VGH-BADEN-WUERTTEMBERG – Urteil, A 14 S 444/96 vom 12.08.1997

1. Berichte und Stellungnahmen aus jüngster Zeit über Festnahmen und Mißhandlungen in den Kosovo zurückkehrender Asylbewerber albanischer Volkszugehörigkeit lassen sich nicht in dem Sinn verallgemeinern, daß nunmehr alle Rückkehrer nur wegen ihrer ethnischen Abstammung mit beachtlicher Wahrscheinlichkeit mit - asylerheblichen - Rechtsgutbeeinträchtigungen rechnen müßten.

VGH-BADEN-WUERTTEMBERG – Beschluss, A 12 S 213/97 vom 06.08.1997

1. Im verwaltungsgerichtlichen Verfahren darf ein Beweisantrag wegen "Wahrunterstellung" nur abgelehnt werden, wenn es um nicht entscheidungserhebliche Tatsachen geht. Der Sache nach handelt es sich um einen Verzicht auf eine Beweiserhebung wegen Unerheblichkeit der vorgetragenen Tatsachen.

2. Bei Ablehnung eines Beweisantrags wegen "Wahrunterstellung" muß der Kläger in der Regel auch ohne entsprechenden ausdrücklichen Hinweis davon ausgehen, daß es dem Gericht auf die Beweistatsachen für die Entscheidung des Rechtsstreits nicht ankommt (im Anschluß an BVerwG, Beschluß vom 06.12.1988, InfAuslR 1989, 135).

VGH-BADEN-WUERTTEMBERG – Urteil, 16 S 3195/96 vom 30.07.1997

1. Maßgebendes Vertreibungsgebiet, mit dessen Verlassen der Vertriebenenstatus als Aussiedler (§ 1 Abs 2 Nr 3 BVFG) entsteht, ist das individuelle Vertreibungsgebiet. Individuelles Vertreibungsgebiet ist das Gebiet desjenigen Staates, in dem der deutsche Staatsangehörige oder Volkszugehörige die als Spätfolge der allgemeinen Vertreibungsmaßnahmen anzusehende eigene Vertreibung erlebt hat. Verläßt ein in Rumänien aufgewachsener deutscher Volkszugehöriger vor dem 1.7.1990 Rumänien, um zunächst in Ungarn Aufenthalt zu nehmen, und begibt sich nach dem 1.7.1990 ins Bundesgebiet, so bedarf es zur Entstehung des Aussiedlerstatus keines Aufnahmeverfahrens (anders noch Senatsurteil vom 14.1.1994 - 16 S 1883/93).
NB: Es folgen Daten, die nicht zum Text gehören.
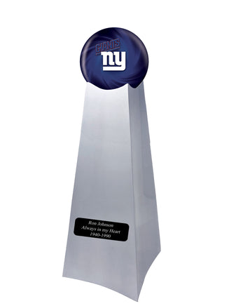 The Football Cremation Urn is made of solid metal with a perfect surface lacquer coat to preserve its sheen and brilliance. The NY Giants team sphere is placed on top of the urn base creating a perfect trophy urn "In memory of a lifelong fan". The urns comes with bottom opening with secured screws to place the ashes.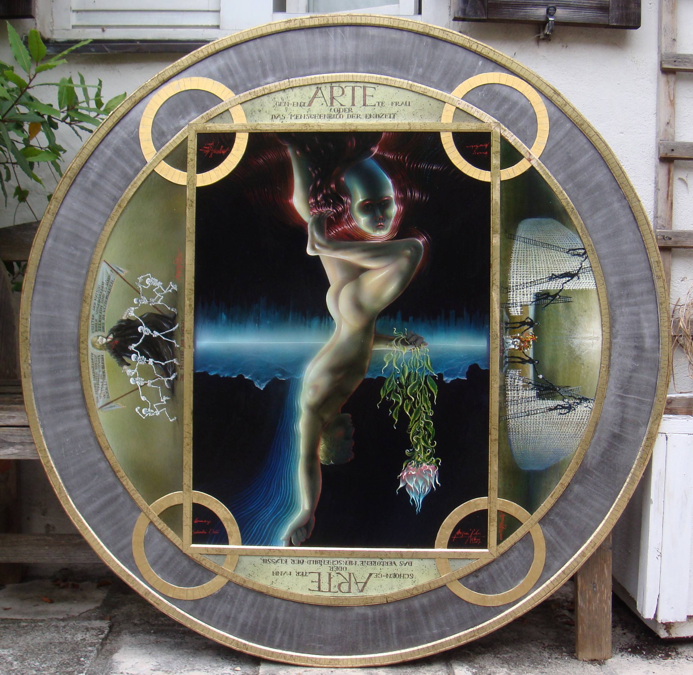 Das Gemälde kann man drehen. Auf der Rückseite befindet sich ein kleiner Motor. Siehe auch "Verdrehte Welt II".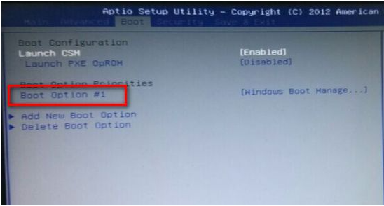 2、在“boot”菜单下选中“bootoption#1”;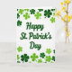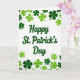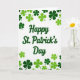 This greeting card features “Happy St. Patrick’s Day” centered in dark green lettering on a bright white background, with the words taking up most of the middle space. Around the message, shamrocks scatter like a loose frame, some in deep emerald and others in lighter lime green for contrast. The mix of greens feels like two friends leaning in side by side—different shades, but clearly meant to match 💚. The layout stays open and airy, so the clovers feel like they’re floating in from the edges rather than crowding the page. The text sits cleanly in the center while the shamrocks cluster more heavily near the corners, guiding your eye back to the greeting. A few clovers overlap slightly and tilt at different angles, adding a gentle sense of movement without making the design busy ☘️. The white space between leaves and letters keeps everything easy to read, while the darker clovers anchor the border and the lighter ones add a soft lift. Several shamrocks appear near the top and bottom edges, with alternating shades creating a simple, balanced ring around the central message.
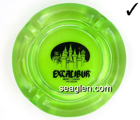 EXC-R1 Excalibur Las Vegas, NV 4 5/8" Green Glass Ashtray Black imprint: Excalibur, Hotel / Casino, Las Vegas |

VGH-BADEN-WUERTTEMBERG – Beschluss, A 16 S 1402/97 vom 28.05.1997

1. Abgelehnte Asylbewerber unterliegen in Georgien heute keiner strafrechtlichen Verfolgung aus politischen Gründen mehr. Gelegentlich vorkommende Erpressungen abgeschobener Rückkehrer aus Deutschland durch korrupte Beamte sind vom Staat nicht geduldete Einzelfälle ohne politische Zielrichtung.